▶ _Exercise description_: Although the listing contains pictures, reproduce only its text, exactly as written.

------ Available data

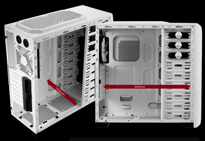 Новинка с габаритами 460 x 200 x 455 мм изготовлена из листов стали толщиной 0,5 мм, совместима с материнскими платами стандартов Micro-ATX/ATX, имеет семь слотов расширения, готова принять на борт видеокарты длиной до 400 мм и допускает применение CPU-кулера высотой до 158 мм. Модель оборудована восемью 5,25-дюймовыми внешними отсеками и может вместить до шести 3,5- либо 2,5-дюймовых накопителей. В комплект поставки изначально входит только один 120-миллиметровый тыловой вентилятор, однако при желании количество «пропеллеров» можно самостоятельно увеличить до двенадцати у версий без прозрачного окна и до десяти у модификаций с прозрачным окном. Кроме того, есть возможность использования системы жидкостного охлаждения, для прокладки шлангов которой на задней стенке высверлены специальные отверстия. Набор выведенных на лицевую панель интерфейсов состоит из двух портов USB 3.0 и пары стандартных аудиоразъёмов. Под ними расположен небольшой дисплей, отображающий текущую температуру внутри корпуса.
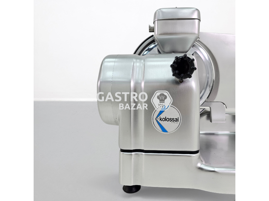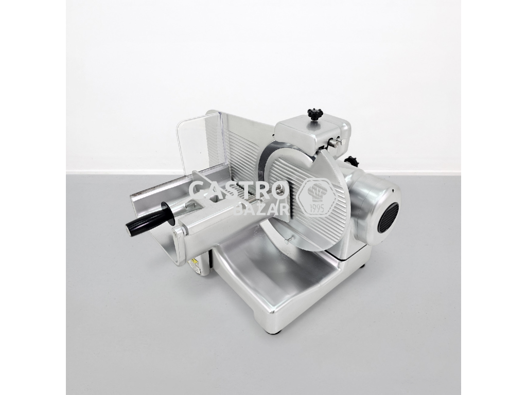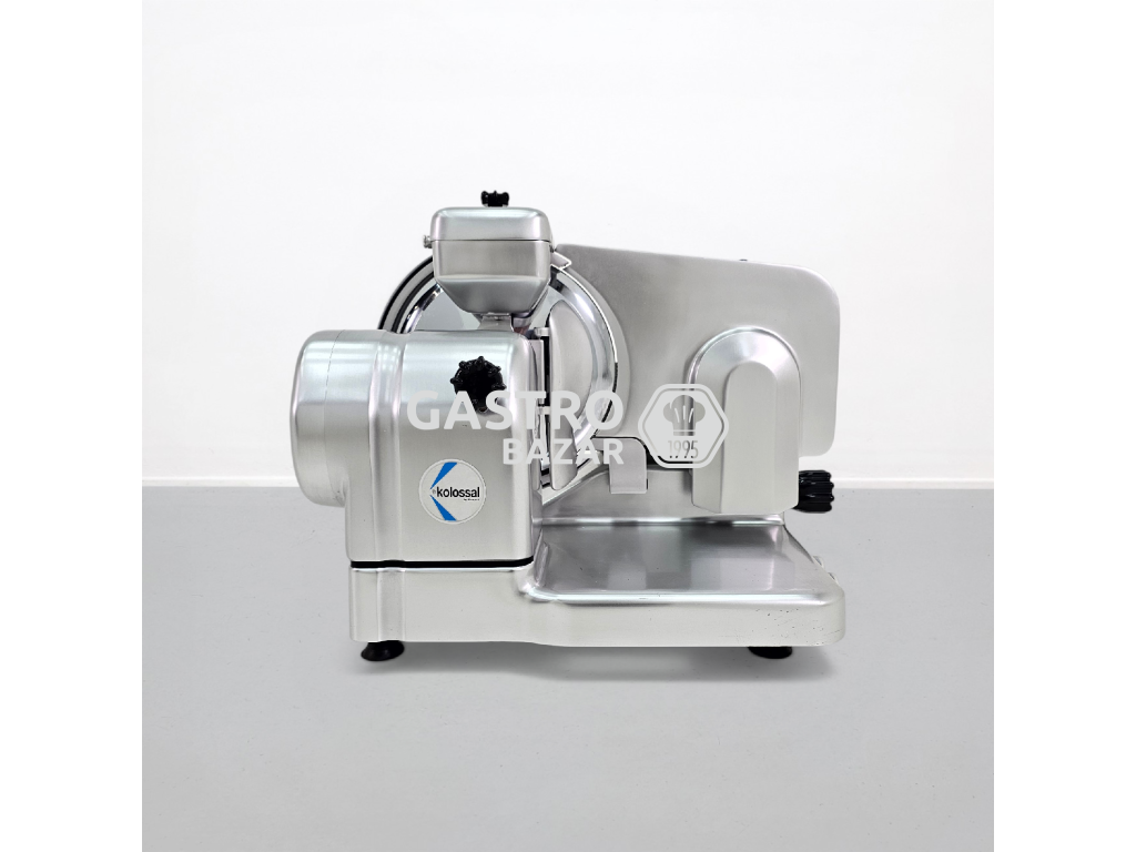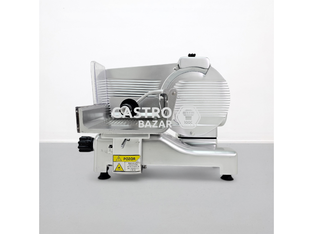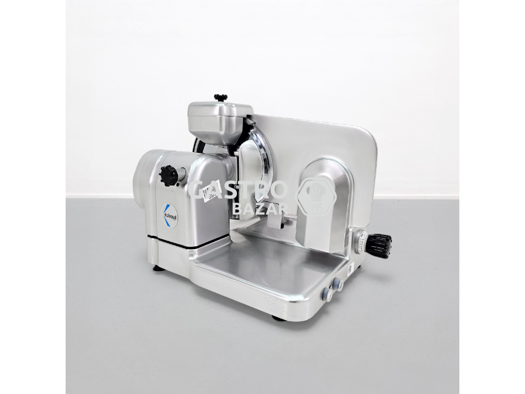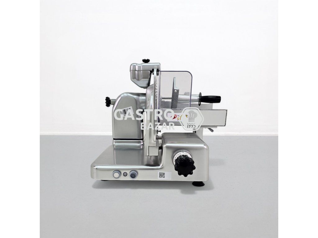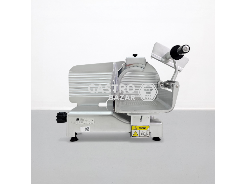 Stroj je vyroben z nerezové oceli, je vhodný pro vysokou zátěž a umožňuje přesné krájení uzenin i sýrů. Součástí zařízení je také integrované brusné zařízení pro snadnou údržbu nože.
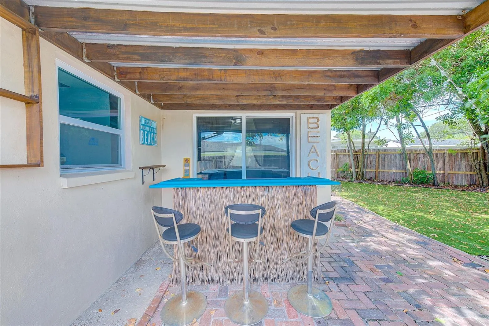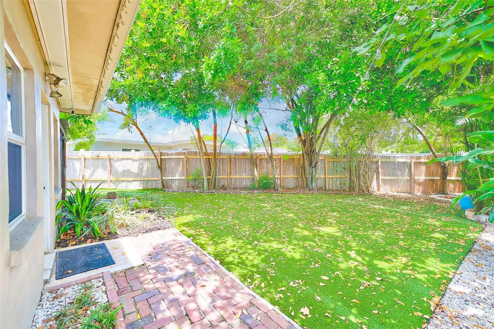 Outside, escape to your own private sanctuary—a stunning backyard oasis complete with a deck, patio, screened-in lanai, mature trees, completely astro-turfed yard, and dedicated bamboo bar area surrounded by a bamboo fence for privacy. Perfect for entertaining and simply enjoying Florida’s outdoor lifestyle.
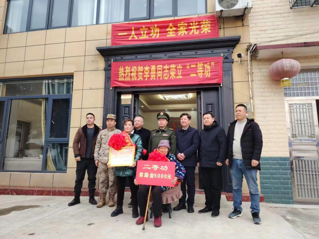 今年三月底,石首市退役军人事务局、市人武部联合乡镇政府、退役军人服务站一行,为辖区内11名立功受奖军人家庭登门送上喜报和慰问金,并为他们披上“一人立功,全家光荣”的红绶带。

------------

▶ _Solution to this problem_:
 Новинка с габаритами 460 x 200 x 455 мм изготовлена из листов стали толщиной 0,5 мм, совместима с материнскими платами стандартов Micro-ATX/ATX, имеет семь слотов расширения, готова принять на борт видеокарты длиной до 400 мм и допускает применение CPU-кулера высотой до 158 мм. Модель оборудована восемью 5,25-дюймовыми внешними отсеками и может вместить до шести 3,5- либо 2,5-дюймовых накопителей. В комплект поставки изначально входит только один 120-миллиметровый тыловой вентилятор, однако при желании количество «пропеллеров» можно самостоятельно увеличить до двенадцати у версий без прозрачного окна и до десяти у модификаций с прозрачным окном. Кроме того, есть возможность использования системы жидкостного охлаждения, для прокладки шлангов которой на задней стенке высверлены специальные отверстия. Набор выведенных на лицевую панель интерфейсов состоит из двух портов USB 3.0 и пары стандартных аудиоразъёмов. Под ними расположен небольшой дисплей, отображающий текущую температуру внутри корпуса.
 Stroj je vyroben z nerezové oceli, je vhodný pro vysokou zátěž a umožňuje přesné krájení uzenin i sýrů. Součástí zařízení je také integrované brusné zařízení pro snadnou údržbu nože.
 Outside, escape to your own private sanctuary—a stunning backyard oasis complete with a deck, patio, screened-in lanai, mature trees, completely astro-turfed yard, and dedicated bamboo bar area surrounded by a bamboo fence for privacy. Perfect for entertaining and simply enjoying Florida’s outdoor lifestyle.
 今年三月底,石首市退役军人事务局、市人武部联合乡镇政府、退役军人服务站一行,为辖区内11名立功受奖军人家庭登门送上喜报和慰问金,并为他们披上“一人立功,全家光荣”的红绶带。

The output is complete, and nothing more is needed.